Earlier this week at a panel hosted by Rep. Cathy McMorris Rodgers, R-Wash a number of female CEOs in the STEM (science, technology, engineering and mathematics) field came to tell lawmakers what they need to create jobs. But several of the executives ended up talking about the jobs, and even potential jobs, that remain unfilled at their companies. Lisa Hook, CEO of Neustar Inc., a Sterling, Va.-based telecommunications company, said the problem starts in the classroom. Not enough kids are being trained to go into STEM. By 2018, there will be 1.4 million computing job openings in the United States, but given graduation rates, only 29% of those jobs will be filled by U.S. graduates; 40 states produce fewer computing graduates than needed to fill projected openings in their states; and most disturbingly the number of girls studying computing has declined 13% in the past 10 years. Hook said the lack of girls going into this field was an issue near and dear to her heart.
A survey by the Bayer Corporation came out today showing that American women entering college are the best prepared academically to hit the books and successfully graduate with a STEM degree (82%), according to a survey of faculty from the nation’s top 200 research universities who chair STEM departments. However, many of these women don’t end up graduating with these degrees.
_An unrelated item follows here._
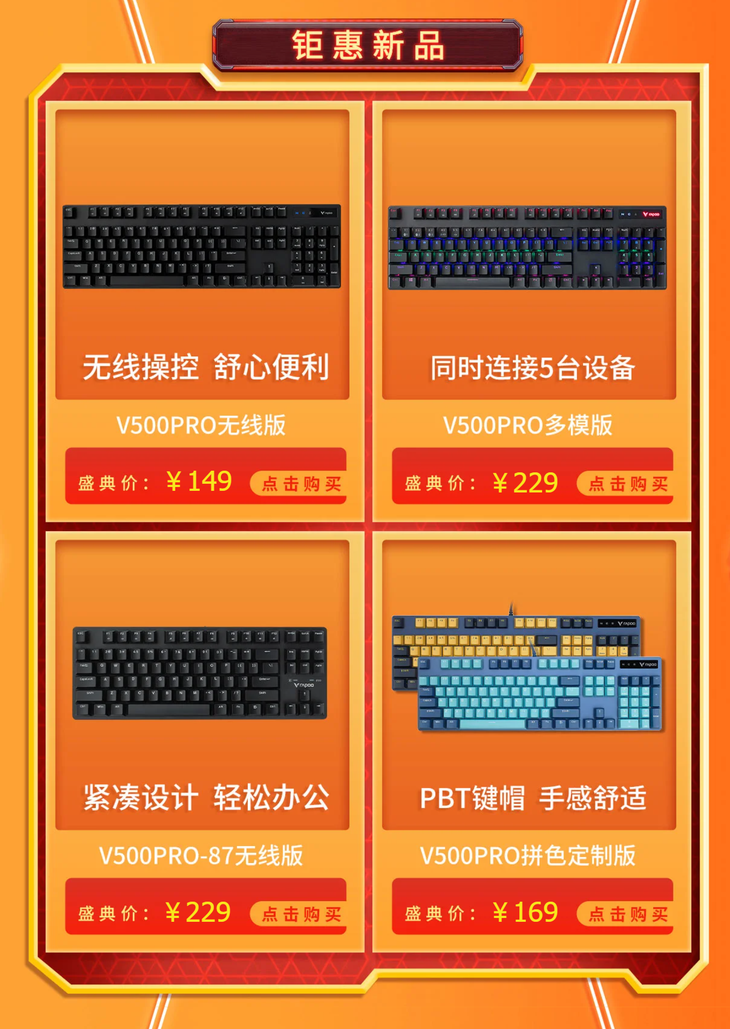 雷柏V500PRO系列机械键盘也参与此次活动,包括多种不同版本,最低价只需99元。雷柏V500PRO系列机械键盘搭载混彩背光系统,采用磨砂金属上盖、双色注塑键帽、雷柏自主机械轴等。雷柏V500PRO系列拥有实惠价格的同时,也能保证不错的使用体验。

The chairs say being discouraged from a STEM career is still an issue today for both female and underrepresented minority (URM) STEM undergraduate students (59%) and that traditional rigorous introductory instructional approaches that “weed out” students early on from STEM studies are generally harmful and more so to URM (56%) and female (27%) students compared to majority students (i.e. Caucasian and Asian males). “One of the greatest challenges most universities face is changing the culture of teaching and learning in STEM courses,” said Dr. Freeman Hrabowski, President of the University of Maryland, Baltimore County (UMBC). Hrabowski said:
“Too often, we in higher education believe high quality is related to how many students are weeded out of STEM courses. Instead, the emphasis should be on rigorous course work coupled with support, together leading to larger numbers of students succeeding academically. We should also be giving faculty support, including professional development opportunities, enabling them to redesign courses, make the best use of technology, and encourage group collaboration.”
And obviously this problem is also contributing to a lot of jobs in this field not being filled. “It’s incredibly challenging to get good technical people,” said Alison Brown, CEO of Navsys Corp., a Colorado Springs, Colo.-based GPS technology company. “There’s an enormous amount of demand, there’s competition, quite frankly between industries and labs and federal institutes.”